というと、「創造性でも負けたら人類の敗北だ!」みたいな気分になる人もいるかもですが、個人的には、これらの研究は「AIをうまく活用して、人間の創造性を高める方向で考えた方がいいっしょ!」てのを示唆してるものだと考えております。これは前にもちょっと触れた話ですけど、上の2つのデータってのは、AIを受け身の姿勢で使うんじゃなくて、創造性のサポート装置として使うぶんにはかなり有用であることも示してますんで。
たとえば、具体的な使い方としては、
- 「ひとりブレスト」の「相棒」として使う:これまでの研究では、集団で行うブレインストーミングってのは、逆に創造性を下げる方向に働くことがわかっている。これは、人前でアイデアを発表するのに緊張したり、大勢でネタ出しをすることで手抜きが発生するのが原因だとされる。
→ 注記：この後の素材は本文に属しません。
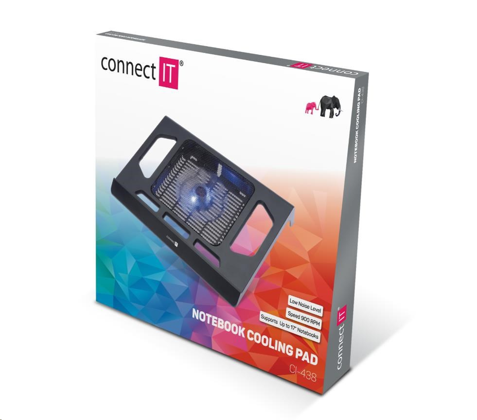 Chladící podložka pod notebook Breeze Technické specifikace: VENTILÁTOR: Průměr ventilátoru: 13cm s LED modrým podsvícením Rychlost: 900 + -10% (RPM) Hlučnost: 23 dBA Průtok vzduchu: 42 CFM Napájení: Port USB (5V DC) Spotřeba: 1.75W DESIGN: Barva: černá Materiál: plast + kov Kompatibilita: až 17" notebooky Rozměry: (Š x V x H) 295 * 350 * 50mm Hmotnost: 380 g.

しかし、AIを相手にしたブレストであればこの問題を解決できるし、既存の思考パターンに縛られる問題も解決しやすくなる。
私が実際にやってる使い方だと、
1)本を書く時とかに、まずは自分のアイデアを3〜5個書き出す(「序章にマサイ族の逸話を置いて、そこからタンパク質の摂取量問題につなげては?」みたいな)→
2)ChatGPTに「他に良い導入の展開はない?」と尋ねて、発想のバリエーションを増やす→
3)「このアイデアをもっと面白くできる?」「関連する斬新なアイデアは?」みたいに尋ねて、さらにバリエーションを増やす。→
4)最後は直感で選別するか、出たアイデアを組み直す。
みたいにやってることが多いですね。まぁこれでAIが出たアイデアを実際に採用するケースってほぼないんだけど、発想の足がかりにはなるし、なによりも手を動かすことで別のアイデアが出やすくなるのが大きいなーと感じております。
みたいなものが考えられるでしょう。私の場合はブレスト用に使うことが多いですが、人によっては「このアイデアの実現が難しいポイントは?」「このアイデアをもっと魅力的にするには?」「もっと面白くできる?」みたいに尋ねて批評サポートに使うのもありでしょう。とにかく、AIってのは「アイデアの種を増やす」「視点を広げる」「フィードバックをもらう」ために活用するぶんには、人間の創造性を上げる方向に働いてくれますんで、そこらへんに留意しながら付き合っていくといいんじゃないでしょうか。
などと書いてたら、1つの質問への回答だけでだいぶ長文になったので今回はこのへんで。【イベント質問のお答えシリーズ】はまだまだ続きまして、次回もAI編をお送りします。